BRIN DE PAILLE JE TRAVAILLE

L'espoir luit comme un brin de paille dans l'étable
Paul Verlaine

Brin de paille
Je travaille
Cherchant la voie
Je la vois
Et parfois
Je la perds

Brin de paille
Je travaille
Dans la nuit
Qui me fuit
Dans le temps
Plus mouvant
Que le vent
De la mer

De ma mère
Est sorti
L’innocent
Que voici
Le roseau pensant
La voix qui dit non
À la voix qui dit oui
Le chant mystérieux des choses

Brin de paille
Je travaille
Disparaît 
Dans le zéphyre
D’une histoire
Que mes années
Firent
Tantôt blanche
Tantôt noire
Tantôt rouge 
Tantôt d’or


DORIO 07/01/2022

UNE CHANSON RONDEL RONDEAU





Une chanson rondel rondeau
Amours perdues en fariboles
Rires et pleurs des barcarolles
Une chanson faisant ronds d’eau

Elle remue elle boulègue
Le bout de ma plume qui vole
De barcarolles en fariboles
Et de vives en mortes aygues

Tu la vois changeant de rythme et de voix
Perdant la voie ou retrouvant le souffle
Cherchant en des vers de vauriens, maroufles,
Ce commencement qui n’en finit pas




une chanson à voix nue

une chanson avec un chant improvisé dorio 05/12/2021

J’ÉCRIS opus 13





J’écris de bric et de troc
de titres de romans édités par Balland
le Seuil Albin Michel
Minuit et Calmann-Lévy

J’écris pour calmer l’ardeur à rechercher
L’homme à tête d’oiseaux, 
La femme Schibboletch,
L’enfant des grandes lessives

J’écris sans réveil, montre,
monstres marquant le temps des horloges
et qui font sommeiller la raison

J’écris d’un seul coup d’un seul
ou par à coups :
arrêts plus ou moins longs,
points morts et reprises

J’écris depuis peu aussi sur l’application Samsung Notes de mon smartphone,
premier texte devant l’exposition Zao Wou-Ki, à l’hôtel Caumont d’Aix en Provence :

l’animal l’animot le torrent de coulures les pattes de la lune la tête de Michaux […] bateau ivre à la Sainte Victoire le pin palpite sur la montagne de Cézanne saisie par un calligraphe octogénaire qui livre sans le savoir son dernier combat […]

J’écris conscient que moi aussi un jour ou plutôt une nuit je perdrais définitivement la voie

J’écris avec mon stylo fétiche V5 hi-tecpoint réfractaire à l’invention du baron Bic

J’écris ornithorynque pour voir ce que ça va donner sur le papier
(les internautes recherchent aussi échidnés, monotrème, wombat, castor, koala…)

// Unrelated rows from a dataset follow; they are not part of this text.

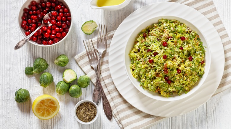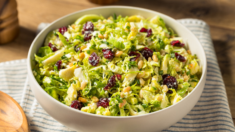 The good news is there are different ways to make coleslaw, and even more ways to boost the flavors of your go-to recipes. Create a Mediterranean-leaning coleslaw with your shredded Brussels sprouts providing a bitter backbone for refreshing mint, tart pomegranate seeds, earthy-sweet pistachios, zesty za'atar, salty and creamy feta, and tangy white wine vinegar. Or, go Italian with basil, sage, parsley, and fennel, plus toasted pine nuts, shaved parmesan, lemon juice, and olive oil. If you're building a recipe entirely from scratch, think about fall ingredients and flavors — you want sweetness, tartness, richness, and spice to balance the sprouts' bitterness, which could come from dried fruits like cranberries, nuts like walnuts, cheeses like smoked gouda, and spices like cardamom and coriander. There's huge potential with your dressing — try a warming spin with woody, bourbon-boosted coleslaw, or whip up a vinaigrette with sweet, earthy pumpkin.
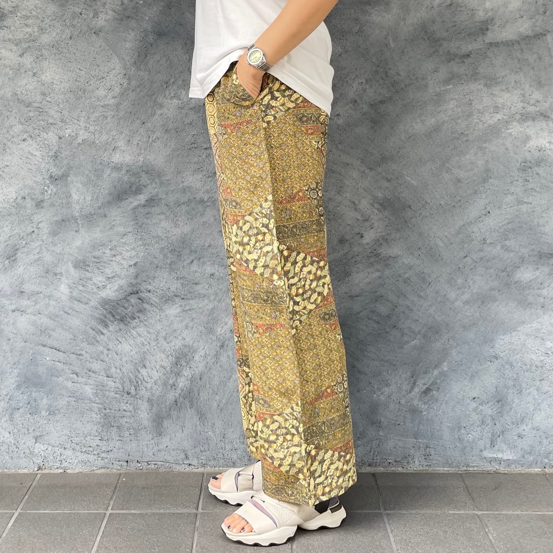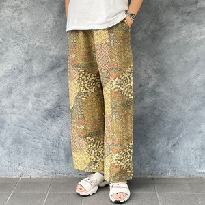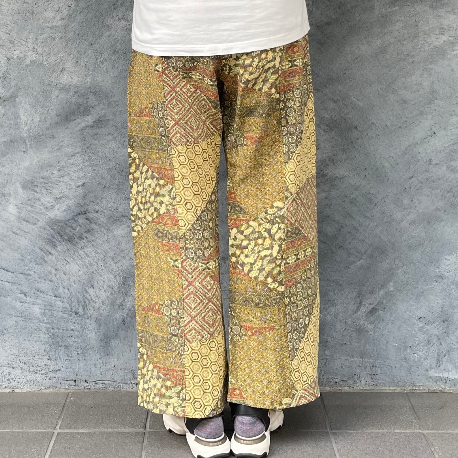 着物リメイクワイドパンツ - kimono elastic waist pants
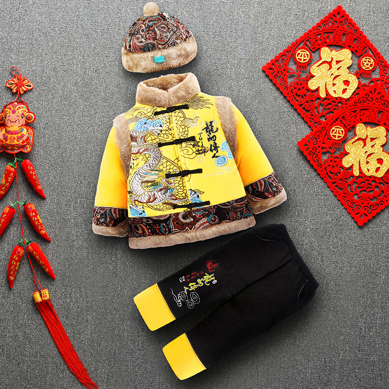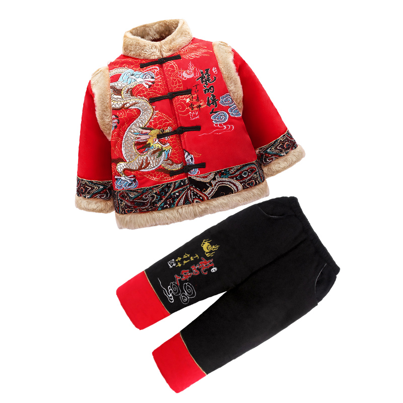 冬装 男童过年帅气衣服周岁男宝宝冬季 汉服加厚拜年服古风男孩唐装

J’écris « bec de canard cousu sur la fourrure d’un animal », comme l’écrivirent les scientifiques anglais découvrant le dessin du premier ornithorynque rencontré en Tasmanie, croyant qu’il s’agissait d’un canular

J’écris sans prétention aucune : orgueil, vanité, amour-propre, suffisance (je recopie lintern@ute)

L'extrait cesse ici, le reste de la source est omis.